**Directions for this task**
Further down are entries; set down exactly and only the lines from the one with "Vize ve Final" up to and including the one with "pigちゃんは首まわり、胴ま", dropping each picture.

**Data excerpts**
++++++++++++++++++++

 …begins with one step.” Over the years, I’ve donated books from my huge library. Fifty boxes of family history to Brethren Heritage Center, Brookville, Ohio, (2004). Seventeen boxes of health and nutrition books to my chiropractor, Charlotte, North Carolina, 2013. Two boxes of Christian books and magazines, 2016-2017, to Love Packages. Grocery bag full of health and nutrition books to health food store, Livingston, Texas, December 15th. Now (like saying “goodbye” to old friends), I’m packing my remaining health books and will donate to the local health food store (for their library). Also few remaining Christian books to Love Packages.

++++++++++++++++++++

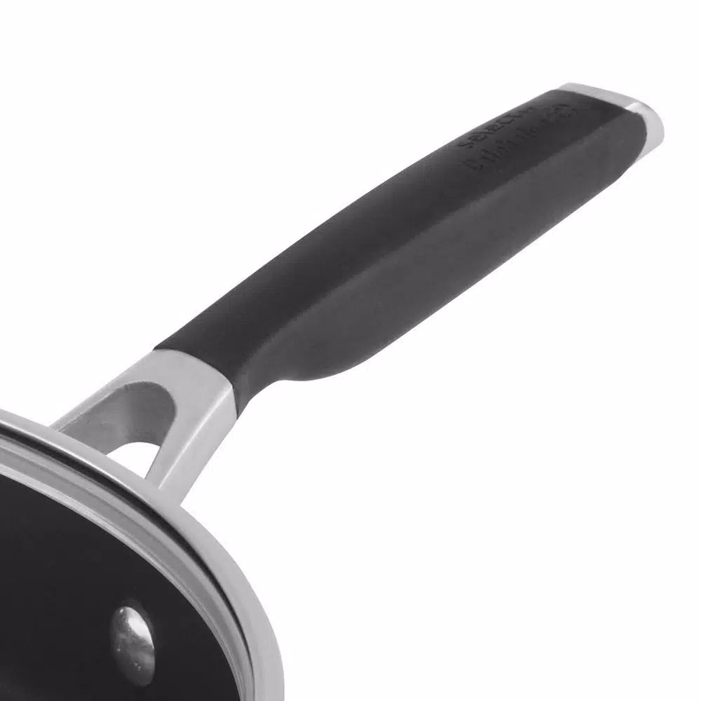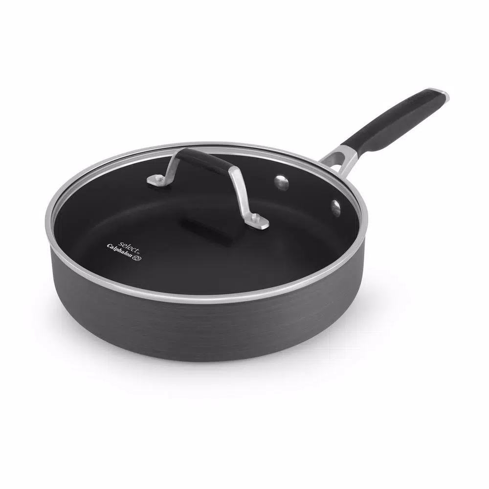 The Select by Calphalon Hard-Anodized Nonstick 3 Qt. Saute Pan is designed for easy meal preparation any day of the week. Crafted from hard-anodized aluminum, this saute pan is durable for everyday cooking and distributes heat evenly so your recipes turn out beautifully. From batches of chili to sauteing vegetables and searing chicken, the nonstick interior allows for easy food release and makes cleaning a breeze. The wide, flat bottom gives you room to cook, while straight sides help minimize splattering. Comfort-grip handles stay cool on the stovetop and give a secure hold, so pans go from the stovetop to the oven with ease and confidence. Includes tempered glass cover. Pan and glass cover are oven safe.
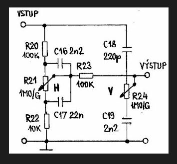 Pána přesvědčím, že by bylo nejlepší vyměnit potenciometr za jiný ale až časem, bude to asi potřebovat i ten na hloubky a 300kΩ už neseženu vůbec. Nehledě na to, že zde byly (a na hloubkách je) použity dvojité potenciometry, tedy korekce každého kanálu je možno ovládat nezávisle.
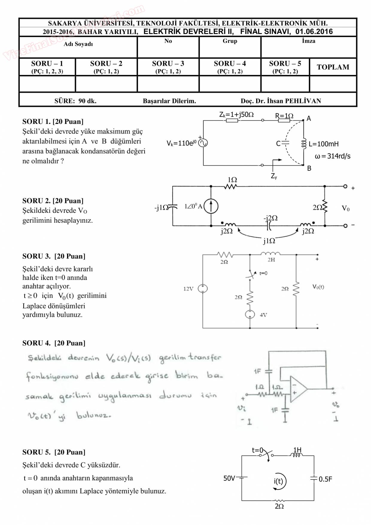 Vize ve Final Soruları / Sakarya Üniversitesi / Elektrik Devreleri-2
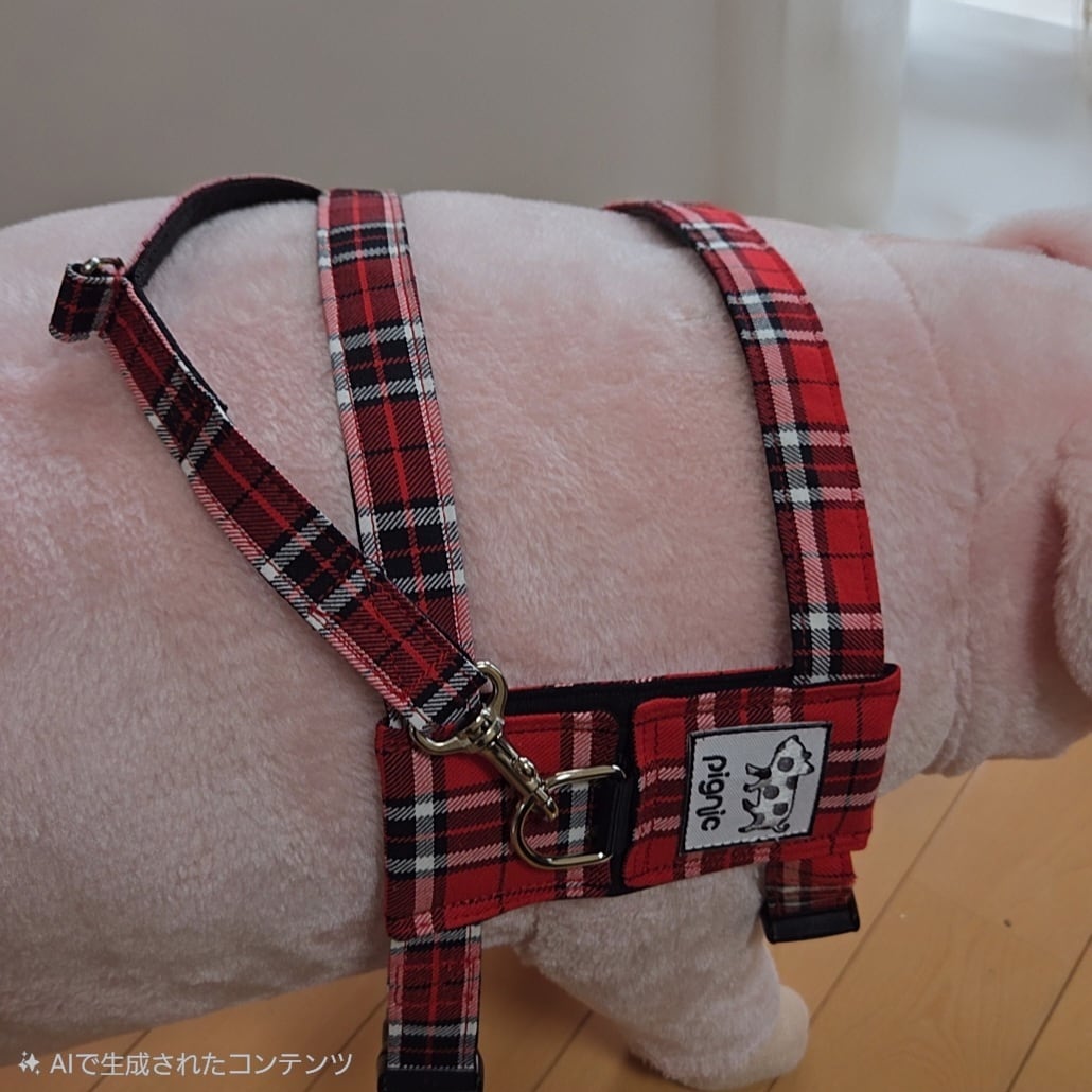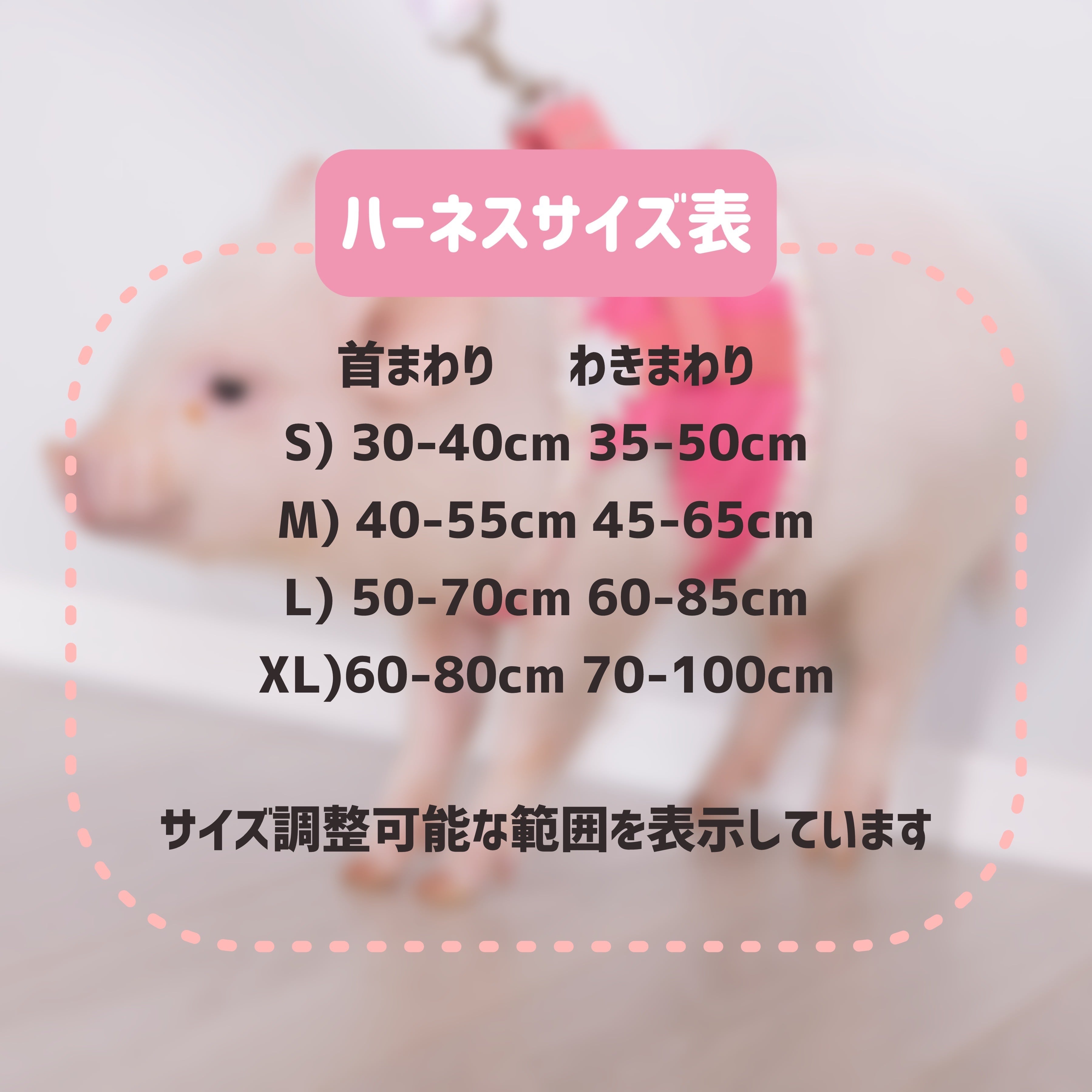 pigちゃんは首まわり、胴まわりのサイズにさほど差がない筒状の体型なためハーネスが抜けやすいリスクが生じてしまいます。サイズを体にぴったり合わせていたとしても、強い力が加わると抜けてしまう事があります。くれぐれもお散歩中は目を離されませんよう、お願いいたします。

++++++++++++++++++++

**Result**
 Vize ve Final Soruları / Sakarya Üniversitesi / Elektrik Devreleri-2
 pigちゃんは首まわり、胴まわりのサイズにさほど差がない筒状の体型なためハーネスが抜けやすいリスクが生じてしまいます。サイズを体にぴったり合わせていたとしても、強い力が加わると抜けてしまう事があります。くれぐれもお散歩中は目を離されませんよう、お願いいたします。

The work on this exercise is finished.